FOM: Quantifier question
Torkel Franzen
torkel at sm.luth.se
Sat Jul 13 11:03:59 EDT 2002
Thomas Forster says:
>It seems such an obvious logic to consider.... surely someone
>must have sorted this out in the 50s or 60s......
So it would seem! However, you seem to have come upon an idea that
although apparently obvious hasn't occurred to anybody before, or at
least has not been documented. I think the people on this list will be
able to settle the matter of the properties of this logic. I include
below (i) a suggested proof that there can be no completeness theorem
for the logic in question (from a member of the list) and (ii) my
supposed completeness proof, which may well be altogether mistaken. At
this point, I don't feel competent myself to settle the matter either
way!
1) SUGGESTED PROOF THAT THERE CAN BE NO COMPLETENESS PROOF
The language L* has the usual connectives, relation symbols, and the
quantifier "there are infinitely many". Note that we don't have
constant or function symbols, and we don't have the usual quantifiers,
and we don't have equality. It is convenient to explicitly add the
dual quantifier "for all but finitely many".
We write L for the usual predicate calculus with the usual connectives,
relation symbols, and the usual quantifiers, but no equality.
Let phi be any formula in L. We write phi* for the formula in L*
obtained by replacing "there exists" by "there exists infinitely
many", and "for all" by "for all but finitely many". If T is a finite
set of formulas in L, we write T* for the set of all phi*, phi in
T. We write "forall x", "therexists x", "for infinitely many x", "for
all but finitely many x", by Ax, Ex, E*x, A*x, respectively.

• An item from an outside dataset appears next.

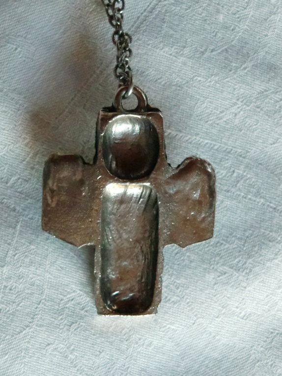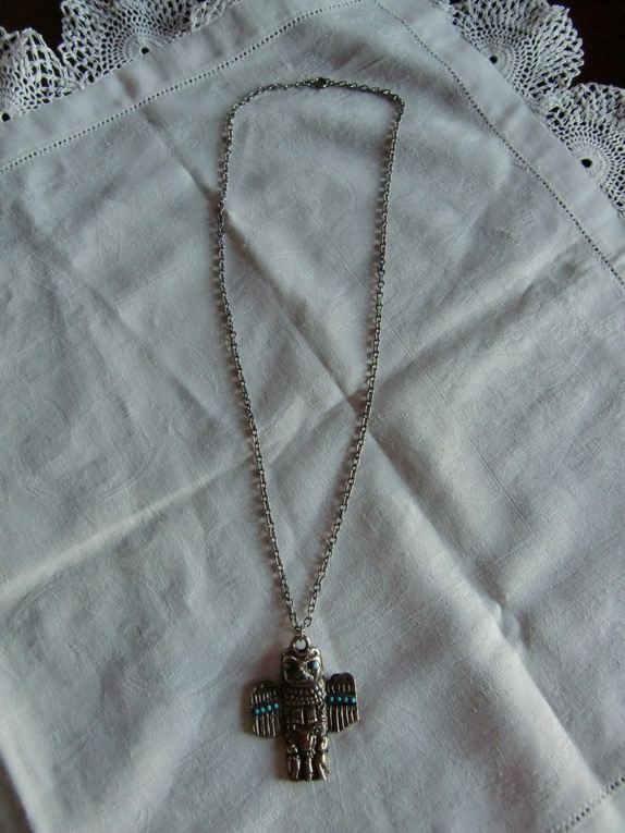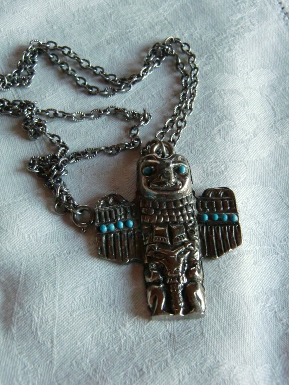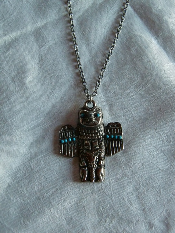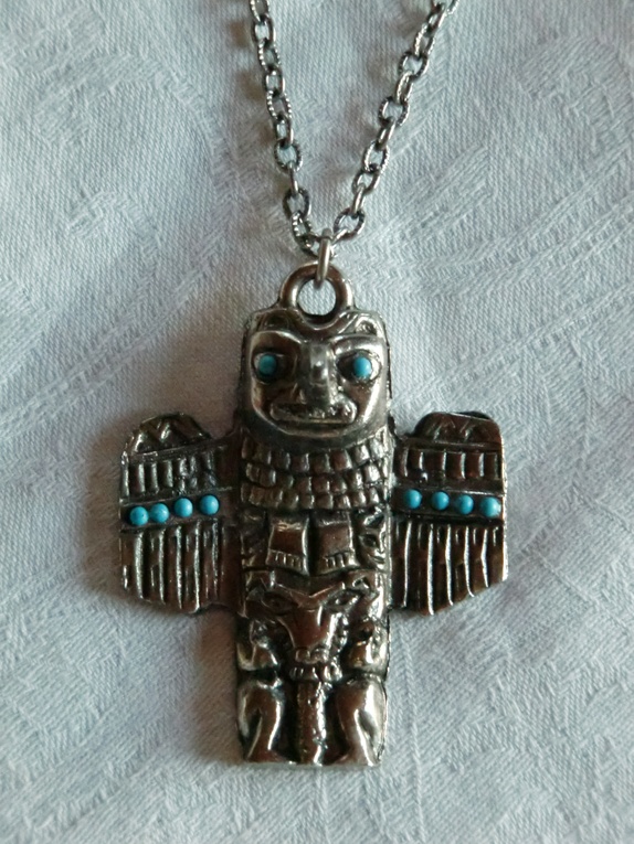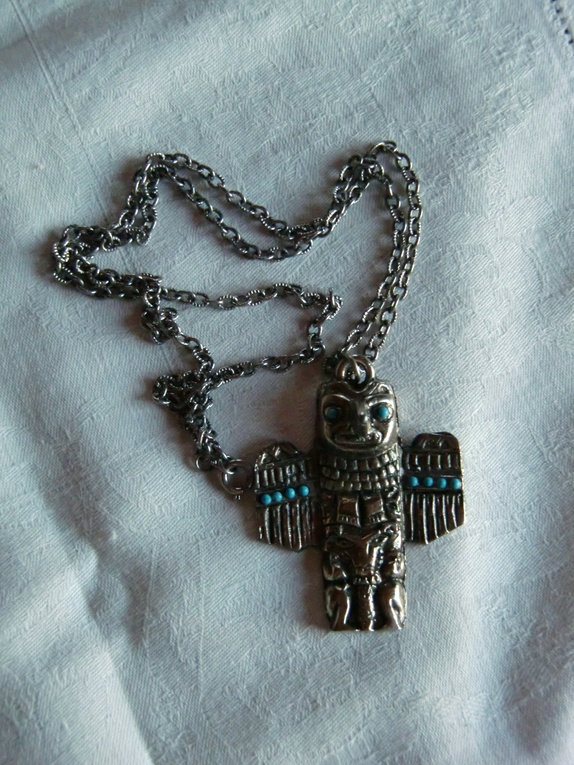 Retro smykke fra 80 tallet. Motivet kan minne om en inka/indianer figur. Har turkise små stener.

LEMMA 1. Let T be a finite set of A...AE...E sentences in the language
of L and M be an infinite model of T*. Then some restriction of M to a
subset of dom(M) satisfies T.
Proof: Let T,M be as given, and let D = dom(M). Without loss of
generality, we can assume that T is a single sentence phi =
(Ax1)...(Axk)(Ey1)...(Eyr)(psi), where psi is quantifier free and k,r
>= 1.
We use the new constant symbols c0,c1,... . In this context, by a subsentence
of phi* we mean any sentence that comes from phi* by chopping off one or more
quantifiers and replacing the variables in the chopped off quantifiers by
various constants ci.
For all n >= 1, we define the n-systems. These are towers A1 containedin ...
containedin An of finite sets of subsentences of phi*, together with cofinite
subsets S1 containing S2 containing ... containing Sn, of D, together with
functions f1 containedin f2 ... containedin fn, where
1. Each fi is a function from the set of constants in Ai into D.

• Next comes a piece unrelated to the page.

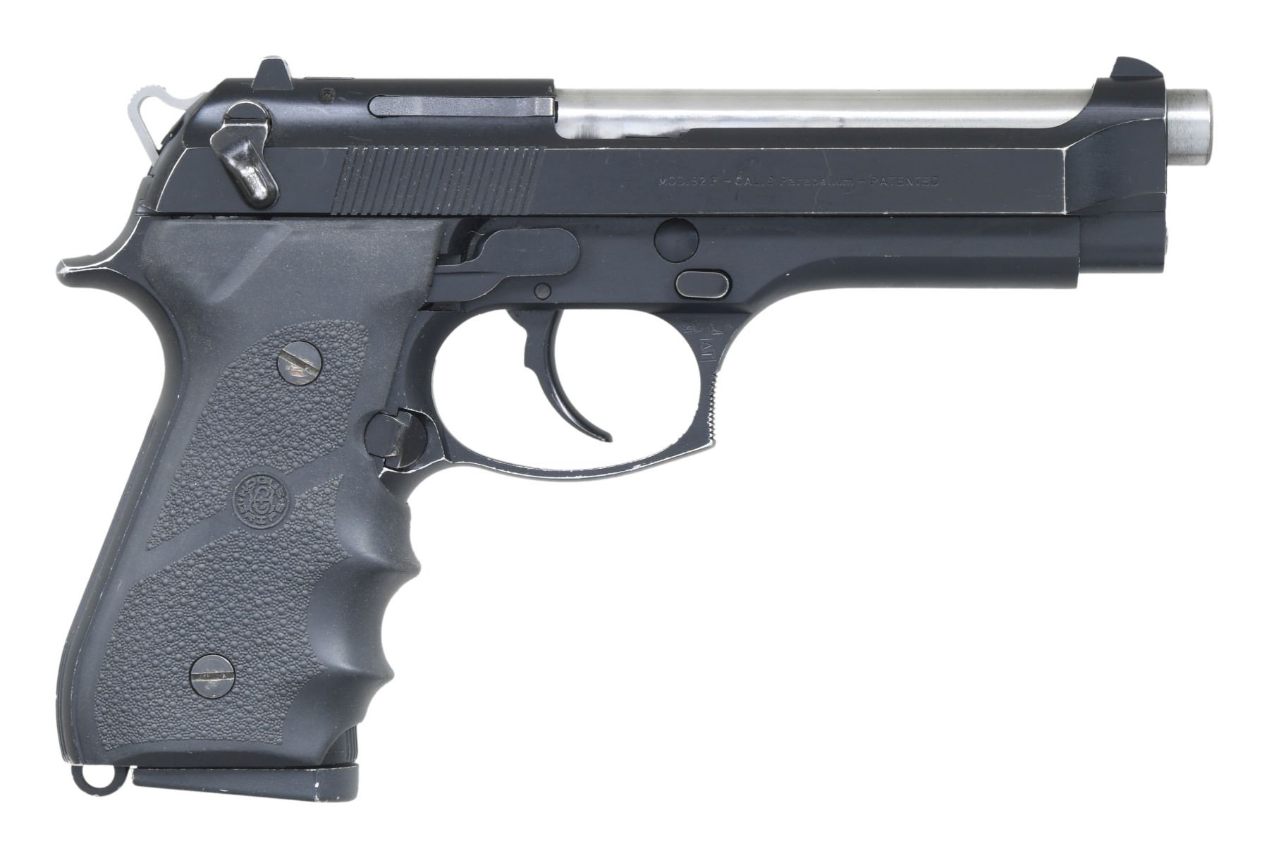 Cal. 9mm Para. S# D32221Z. Mfg. 1988. Bbl 4.9". Black finished slide w/ replacement skeletonized hammer, fixed sights & safety. Matte black frame w/ Hogue rubber grip. MAGS: 2 - 15 rd. CONDITION: very good black finish with handling wear. Barrel has large portions of finish taken off. Very good bore w/ frosting in the grooves. (26-255/MD). MODERN. $400-600.

2. Every sentence in every Ai holds in M under the assignment fi.
3. Every constant in every Ai lies in Si. 4. Let 1 <= i <= n. If
(A*xj)...(A*xk)(E*y1)...(E*yr)(psi) lies in Ai, then for all xj in Si,
(A*xj+1)...(A*xk)(E*y1)...(E*yr)(psi) holds in M. 5. Let 1 <= i <
n. If (A*xj)...(A*xk)(E*y1)...(E*yr)(psi) lies in Ai, and c is a
constant in Ai, then (A*xj+1)...(A*xk)(E*y1)...(E*yr)(psi)[xj/c] lies
in M. 6. Let 1 <= i < n. If (E*yj)...(E*yr)(psi) lies in Ai, then for
some constant c in Ai+1, (E*yj+1)...(E*yr)(psi)[xj/c] lies in Ai+1.
We now show that every n-system can be extended to an n+1-system. Let
the A1,...,An,S1,...,Sn,f1,...,fn be an n-system. We first meet
condition 5 by simply throwing the relevant subsentences into An+1,
and leave Sn,fn as yet unchanged. At this point we still satisfy
conditions 1,2,3,5. TO meet condition 6, we have to add new
constants. For the various (E*yj)...(E*yr)(psi) lying in An, introduce
different constants c that have not been used before, and throw
(E*yj+1)...(E*yr)(psi)[yj/c] into An+1. In order to meet conditions
1,2, we need to extend fn to fn+1 so that for each
(E*yj)...(E*yr)(psi) lying in An, (E*yj+1)...(E*yr)(psi) holds in M
with yj = fn+1(c). And in order to meet condition 3, it is vital that
fn+1(c) be chosen from Sn. But since (E*yj)...(E* yr)(psi) holds in M,
there are infinitely many choices for fn+1(c). Since Sn is cofinite,
one of the possible choices lies in Sn. Pick any such choice lying in
Sn. We have now extended An,fn to An+1,fn+1, and have left Sn
unchanged. We have met all conditions except condition 4. We look at
all sentences in An+1 of the form (A*xj)...(A*xk)(E*y1)...(E*yr)(psi),
and consider the set {xj: (A*xj+ 1)...(A*xk)(E*y1)...(E*yr)(psi) holds
in M}. Since these (A*xj)...(A*xk)(E* y1)...(E*yr)(psi) hold in M,
each of these sets are cofinite, and so we set Sn+ 1 to be Sn
intersected with all of these associated sets.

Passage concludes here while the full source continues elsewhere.